その反面、幼少期の希望の光のようになっていた、歌を無意識に口ずさむということはなくなり、
渋谷スクランブルスクエアで見た、見上げる巨大スクリーン上で歌い踊る歌手の事を見てから、
マリアは再び作詞作曲活動に没頭することになった。
作りためた歌詞は、今までの過酷な家庭環境で抑圧されてきた気持ちのはけ口となり、
面白いほどに次々に歌詞を思いついては書き、書き溜めた歌詞は長いもの短いものすべて含めて膨大な量になった。
歌手発掘オーディションには、今までに作った中の一曲で臨んだのだが、
全身から溢れるような純粋さが審査員の目に留まり、メジャーデビューに向けてバックバンドもつき、
バックバンドのリーダーの力も借りて、
過去に作った膨大な歌詞に曲をつける作業が進められた。淡々と機械的に。
出来上がった曲をマリアが歌い、曲はヒットした。そして同じようなメロディーラインの曲が次々に生まれる。
殺伐として乾ききった世の中に、ちょうどうまいぐあいに当てはまりヒットしたマリアの曲だったが、
曲が売れれば売れるほど、なぜかマリアの心の中には違和感があり、次第に大きくなるばかりだった。

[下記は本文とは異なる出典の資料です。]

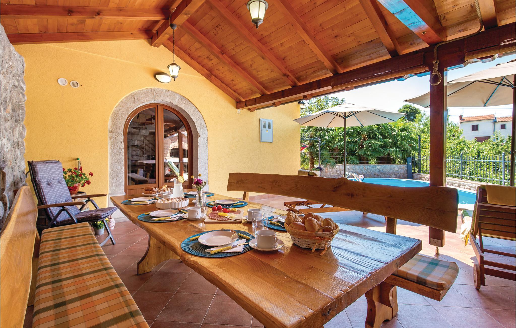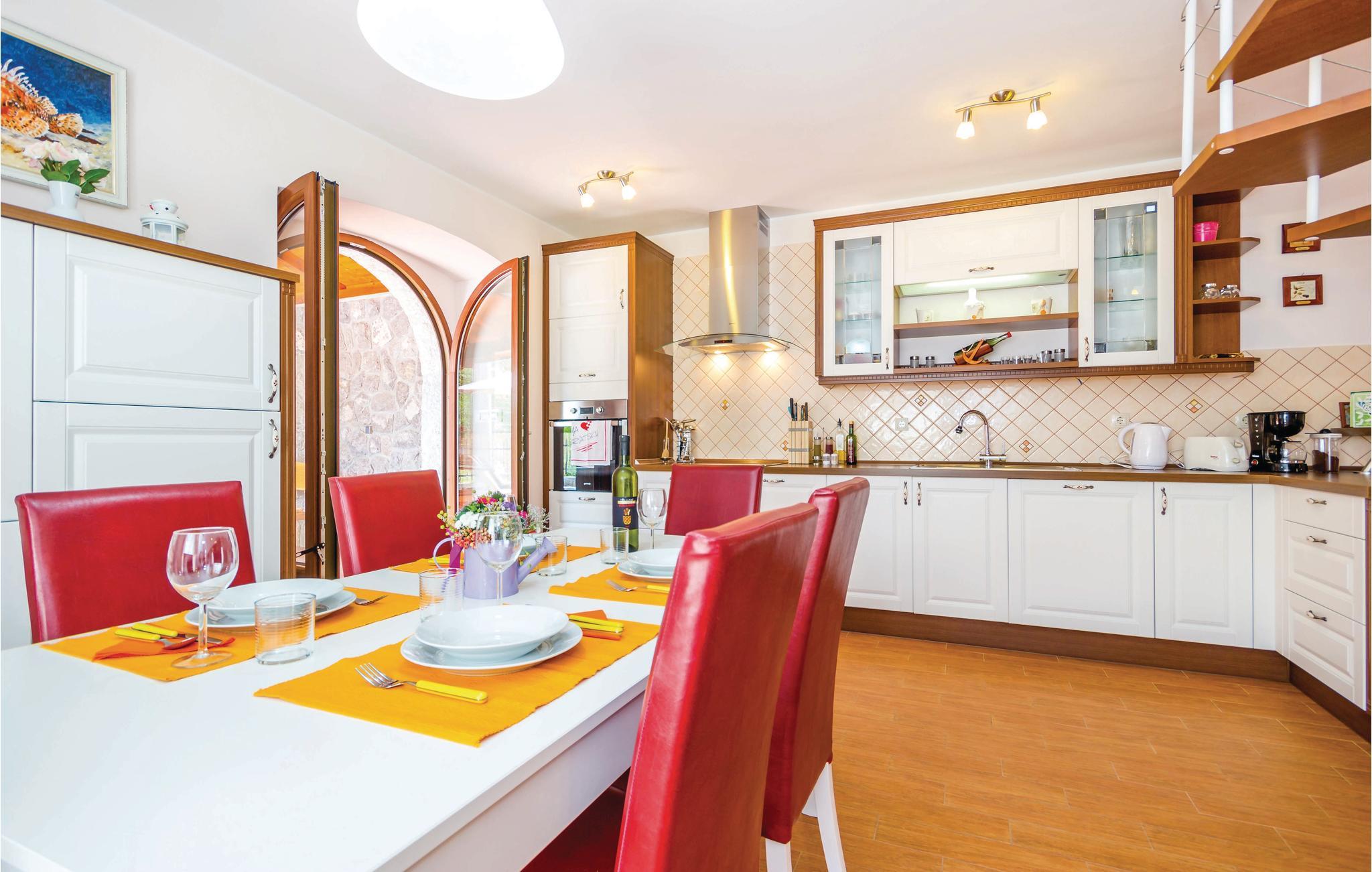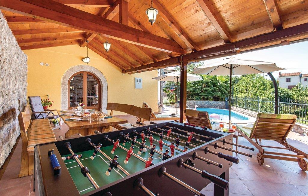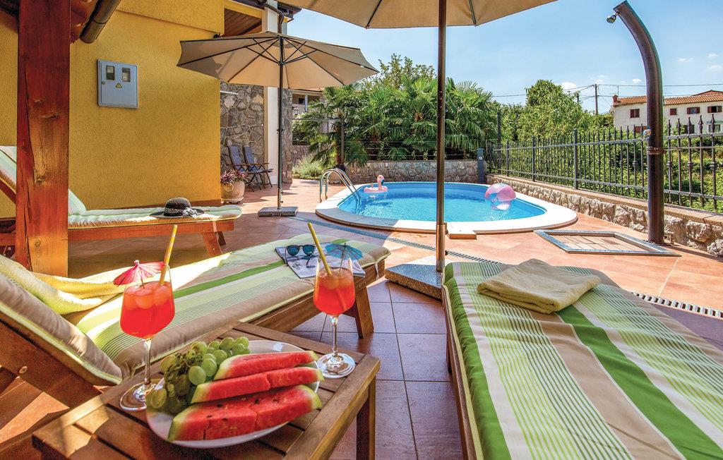De første feriegæster i Optatija-området kom frem allerede i 1844. Den lille fiskerlandsby kunne aldrig have drømt om den fremtidige popularitet, som den kan se tilbage på nu med stolthed. Også andre byer har udviklet sig i samme retning, deriblandt den lille by Bregi, der ligger over Ucka-bjergene. Her, I Bregi, venter dette skønne og komfortabelt indrettede feriehus på jer. Ved indretningen var ejeren opmærksom på at give sine gæster en atmosfære af ”home away from home”. Her kan I afslappet nyde jeres ferie omgivet af indretningens behagelige farver eller ved poolen. På de varme sommerdage har I mulighed for at se på det vidunderlige landskab fra terrassen. Den øverste etage når I ad en stejl indvendig trappe med gelænder. Hvis I vil være sportsligt aktive i ferien, kan I være det på det kondiudstyr, der er i det lille hus på grunden. Fra huset kommer I nemt til de berømte seværdigheder og attraktioner langs kysten af Opatija, hvor der venter rige gastronomiske muligheder og en lang række kultur- og underholdningsarrangementer året rundt, der lægger op til en herlig ferie. Selvom Kvarnerbugten godt nok er mest levende og besøgt om sommeren, er der også mange gode udflugtsmål resten af året. Hvis I foretrækker det lidt afsides fra masserne, så kan I besøge mange andre arrangementer og tage på forskellige vandreture. I begyndelsen af året bliver der startet på de berømte fastelavnsoptog i byen Rijeka. Til marts venter de åbne wellness-dage, eller dagene, hvor I selv kan plukke asparges eller frugt i naturen. I området venter der også tidssvarende kunst, museer, gallerier, kirkekunst, mindesmærker og meget andet. Kort sagt, så er Kvarnerbugten et oplagt rejsemål til alle gæster.
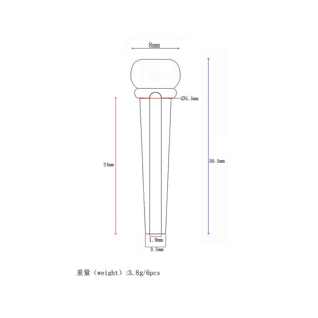 6x red wood Bridge Pin With 4mm Golden Classical Style Dot Acoustic Guitar
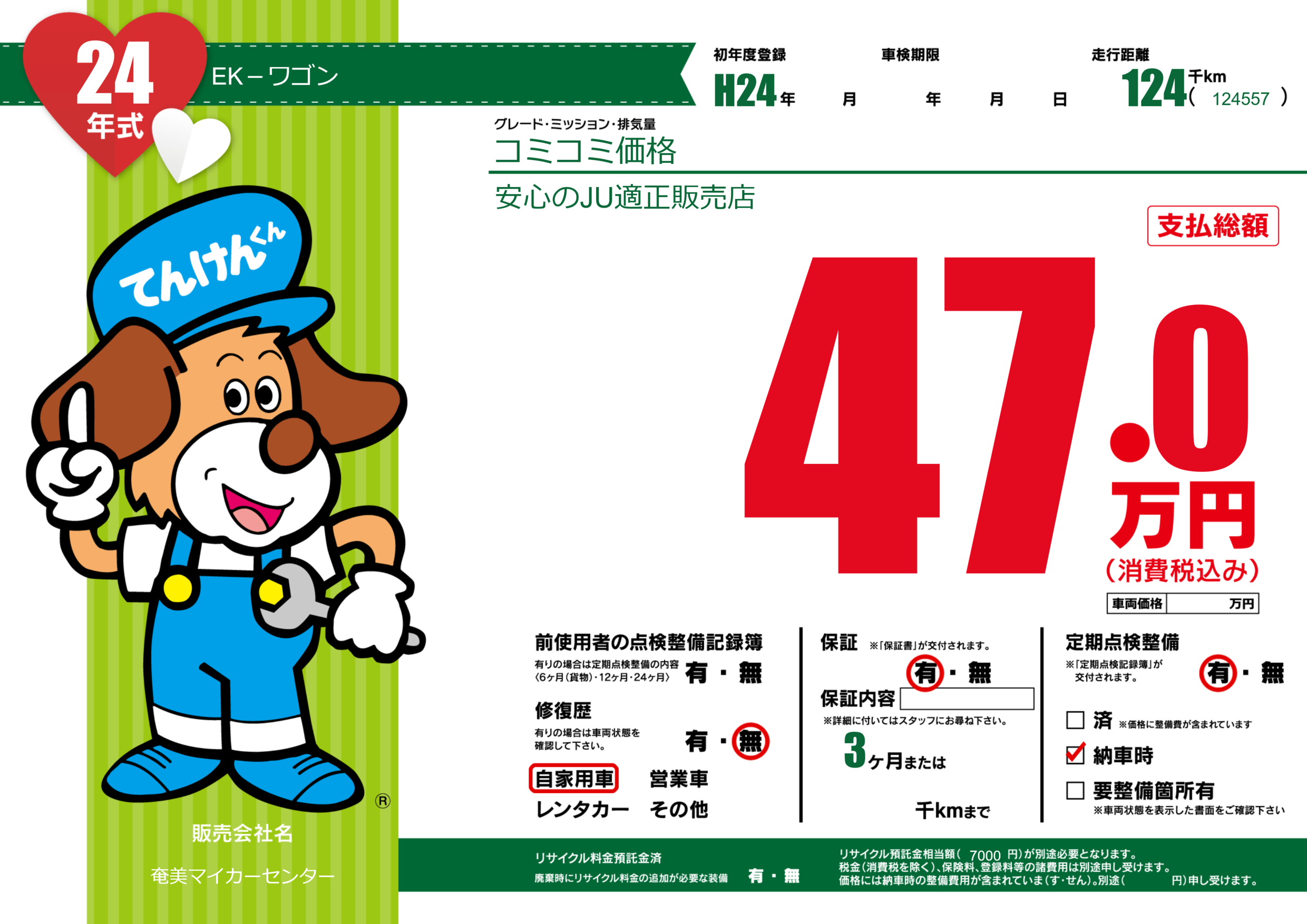 | 車名 | EK-ワゴン | グレード ミッション 排気量 |
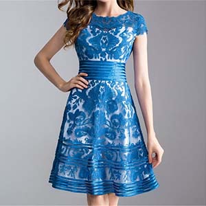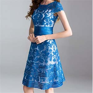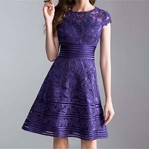 お嬢様風 パープル ブルー 上質素材のレースドレス[OZY19]
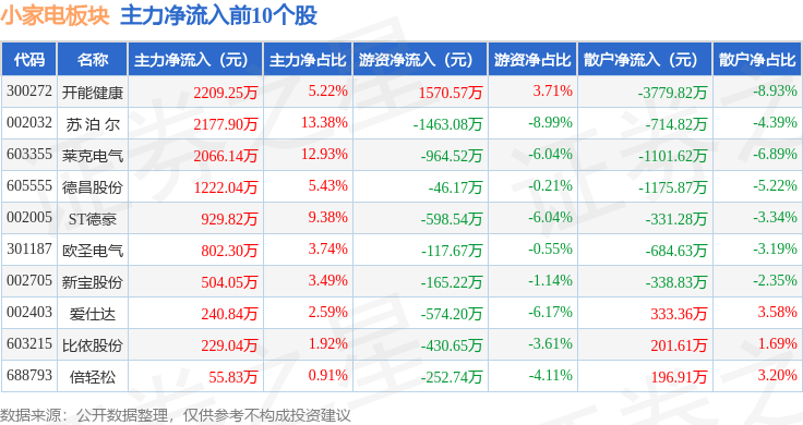 从资金流向上来看,当日小家电板块主力资金净流出4482.82万元,游资资金净流入7461.08万元,散户资金净流出2978.26万元。小家电板块个股资金流向见下表:
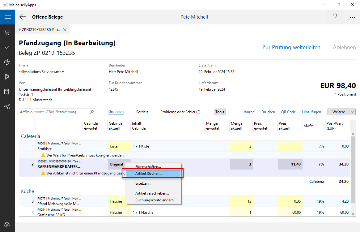 Handelt es sich in einem Pfandbeleg um einen Nicht-Pfandartikel, muss dieser gelöscht werden, bevor ein nächster Buchungsschritt (z. B. zur Prüfung weiterleiten) möglich ist.
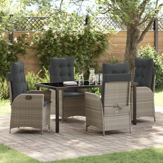 Set de masă pentru grădină 5 pcs Gri deschis poliratan
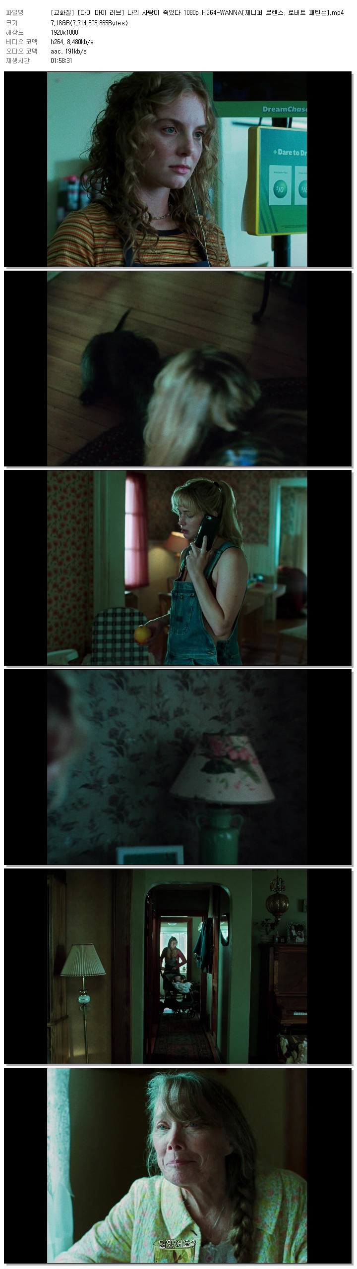 | [고화질] [다이 마이 러브] 나의 사랑이 죽었다 1080p.H264-WANNA[제니퍼 로렌스, 로버트 패틴슨].mp4 | 7.2 G | 01:58:31 | 1920x1080 |
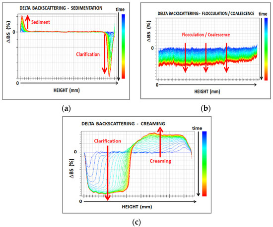 The film-forming dispersions were characterized by Turbiscan (developed by Formulation, Smart Scientific Analysis) at 60 °C for 8 h. The Turbiscan equipment is based on multiple light scattering to identify the particles’ migration and their size change in liquid dispersions. It is provided with two detectors, working in transmission (T) and backscattering (BS) modes. This makes possible the analysis of both transparent and opaque samples. When T is higher than 0.2% the instrument works in transmission mode, whereas a value of T lower than 0.2% indicates backscattering mode. The “Delta” mode facilitates the visualization of destabilization phenomena, by using the first scan as a reference and by amplifying variations. Results were compared with reference ΔBS profiles in the whole cell shown in Figure 1 and adapted from the instrument handbook.
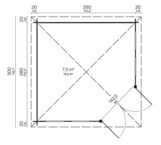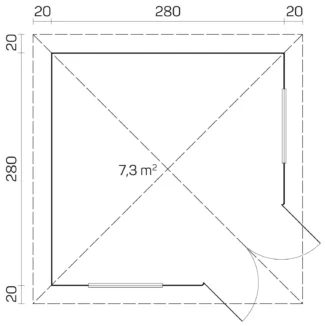 <li>Spoljašnje dimenzije zida: 280 x 280 cm</li>
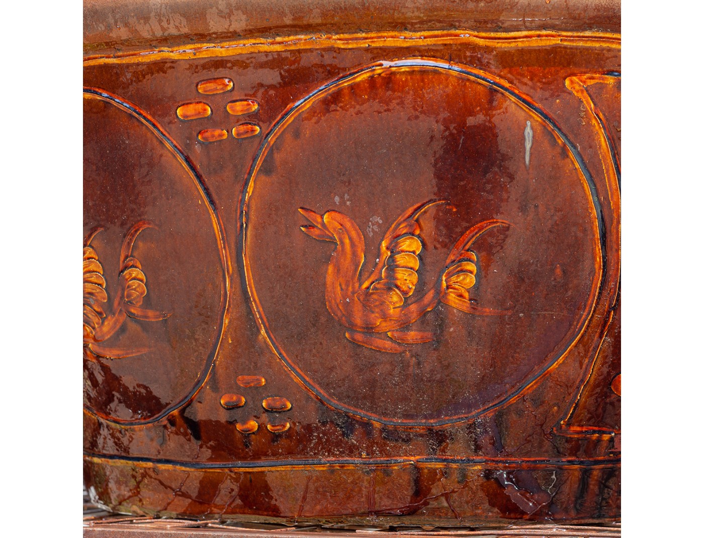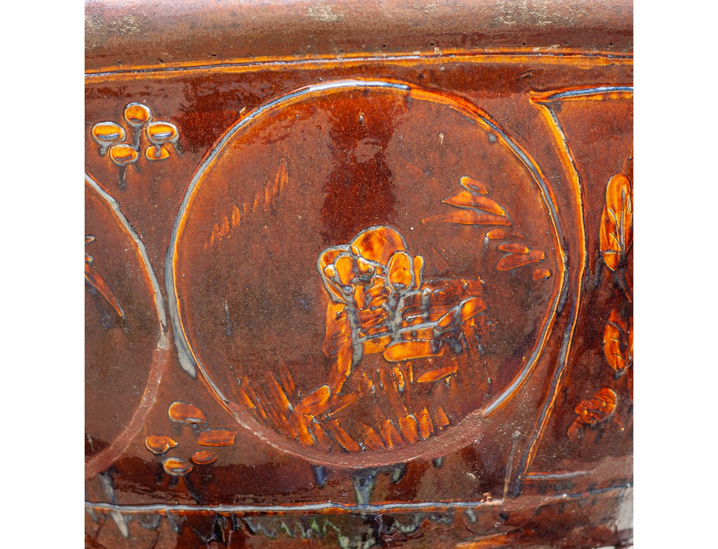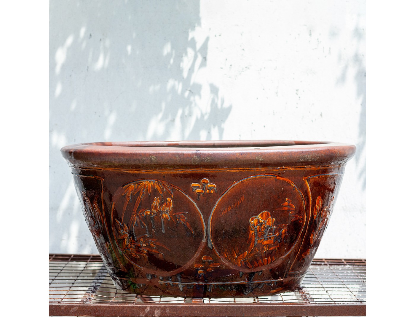 Decorated glazed oval stoneware water garden container
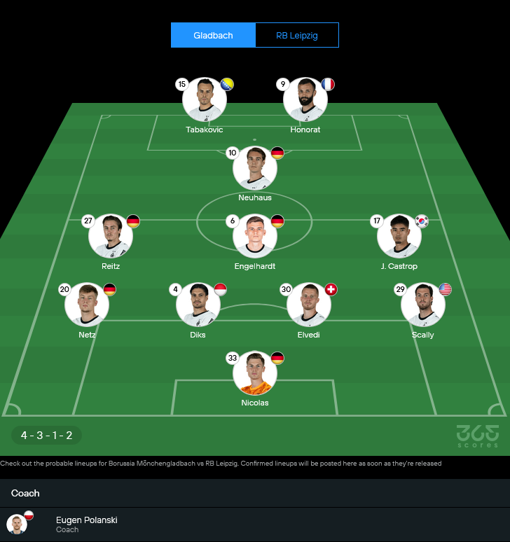 จากภาพไลน์อัพล่าสุด กลัดบัคยืนระบบ 4 3 1 2 เน้นคุมแดนกลางด้วย เอนเจลฮาร์ดต์ เป็นตัวตัดเกม ข้างหน้าใช้ นอยเฮาส์ ยืนฟรีโรลปั้นเกมหลังคู่หน้า ทาบาโควิช กับ โอโนราต์ ที่วิ่งหาช่องและเก็บบอลในกรอบเขตโทษได้ดี
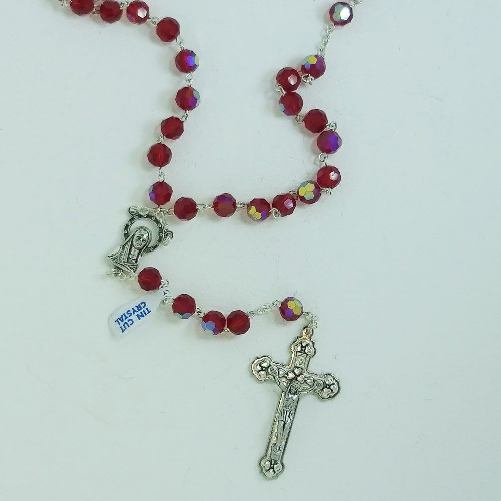 Terço Cristal Vermelho Madona 10mm
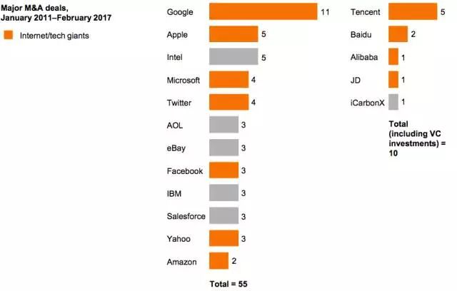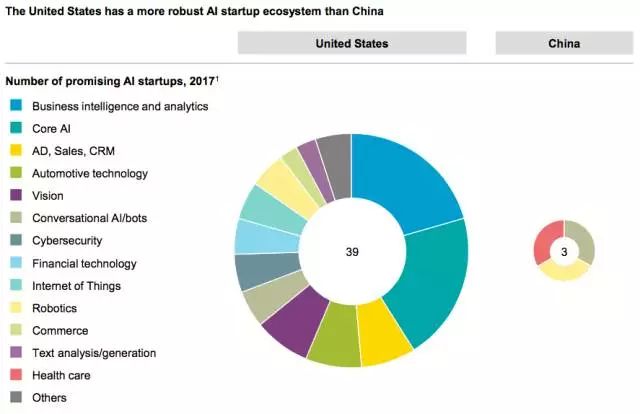 表3:美国的 AI 创业生态系统比中国更强大。上图显示中国和美国在50家最大(按总融资额排名)AI 创业公司中的占比,数据来自 CB Insight 发表的 AI 100 榜单。via: CB Insights; McKinsey analysis
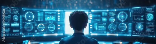 A futuristic control room, glowing dashboards wrapping around walls, a person in sharp focus, scifi aesthetic, low angle
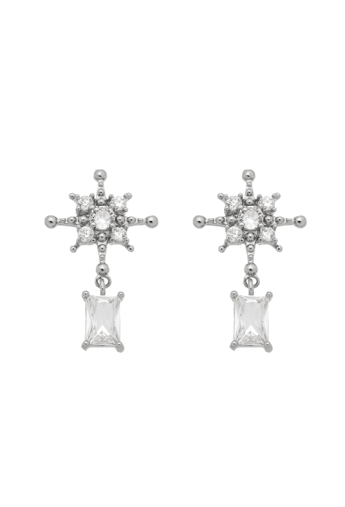 O Brinco Estrela com Cristal Retangular banhado a ródio combina delicadeza e sofisticação em um design moderno e marcante.
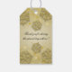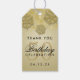 Elegant 50:e födelsedag "Tack"-presenttagg/förmånstagg, med Guld Faux Glitter Snöflingor & bokeh-glödande ljus mot bakgrund av Guld (du kan ändra bakgrund märkre till färg till kostym när du behöver det) och anpassningsbar "tack" + detaljtext.
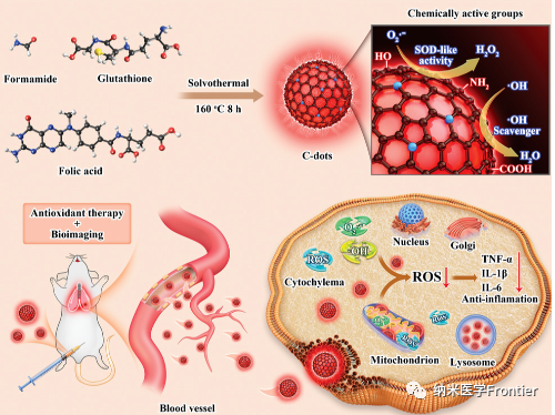 本研究提供了一種新型的紅光碳點納米材料,為生物成像和抗氧化治療提供了一種新的策略,并且具有制備簡單、成本低廉、生物相容性好等優點。
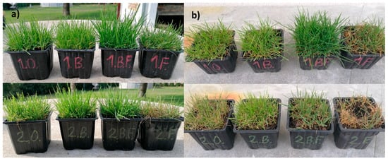 Visual assessments at the end of the month (Figure 4a) revealed noticeable differences in turfgrass development among treatments. Samples 1.0 (control), 1.B (biochar only), and 2.0 (control under limited irrigation) exhibited relatively dense growth with fine textured blades. In contrast, sample 2.F (fertilizer under limited irrigation) appeared sparser, with thinner and softer leaves, indicating signs of drought stress. This observation is consistent with previous findings where excessive nitrogen application under drought conditions was shown to exacerbate osmotic stress and reduce plant resilience, leading to visible symptoms such as thinner leaves and dry tips [45]. The combined treatment of biochar and fertilizer (1.BF) promoted vigorous growth, resulting in lush, dark green turf with elongated, healthy leaves. Although the 2.BF sample (biochar + fertilizer under reduced irrigation) showed a slightly reduced density compared to 1.BF, its turfgrass maintained a visibly healthier appearance than treatments with fertilizer alone. Notably, both fertilizer only treatments (1.F and 2.F) demonstrated signs of nutrient or moisture imbalance, such as shorter leaves and dry tips. These results suggest a potential antagonistic interaction between nitrogen fertilization and limited water availability when biochar is not present. Previous studies have shown that biochar can mitigate such imbalances by improving nutrient-use efficiency and reducing nitrogen leaching [50,51]. These visual symptoms suggest that biochar addition may have improved soil properties and nutrient availability for plant growth, particularly under conditions of limited irrigation.

精神的に疲れ切った状態が続いたある日、帰宅してベッドに横になり天井を眺めていたところ、
意識もうろうとした状態で、頭の中にあのフレーズが蘇ってきた。
無意識に、自然と口ずさんでしまうあのフレーズ。
よろよろとベッドから起き上がり、窓を開けてベランダに出る。
秋の夜風が非常に気持ちがいい。
配下の夜の街を眺めながら、あのフレーズを口ずさんでいると、なぜか疲れが癒されて行くような気がした。


マリアは再びステージに立った。
会場の観客に向かって思いっきり手を振り、どよめきが徐々に静まっていくのを待った。
「今日の最後の曲になります。本邦初公開になります」
再び会場がどよめいた。
La-Li-La、力強い声でマリアはアカペラで声を上げた。
バンドメンバーは、手拍子を始めた。そして再び、La-Li-La。
マリアもまた手拍子を始めると、徐々に観客の間からも手拍子が始まった。
会場全体が手拍子でマリアの声に応える。そんな掛け合いがしばらく続き、バックバンドの演奏が始まった。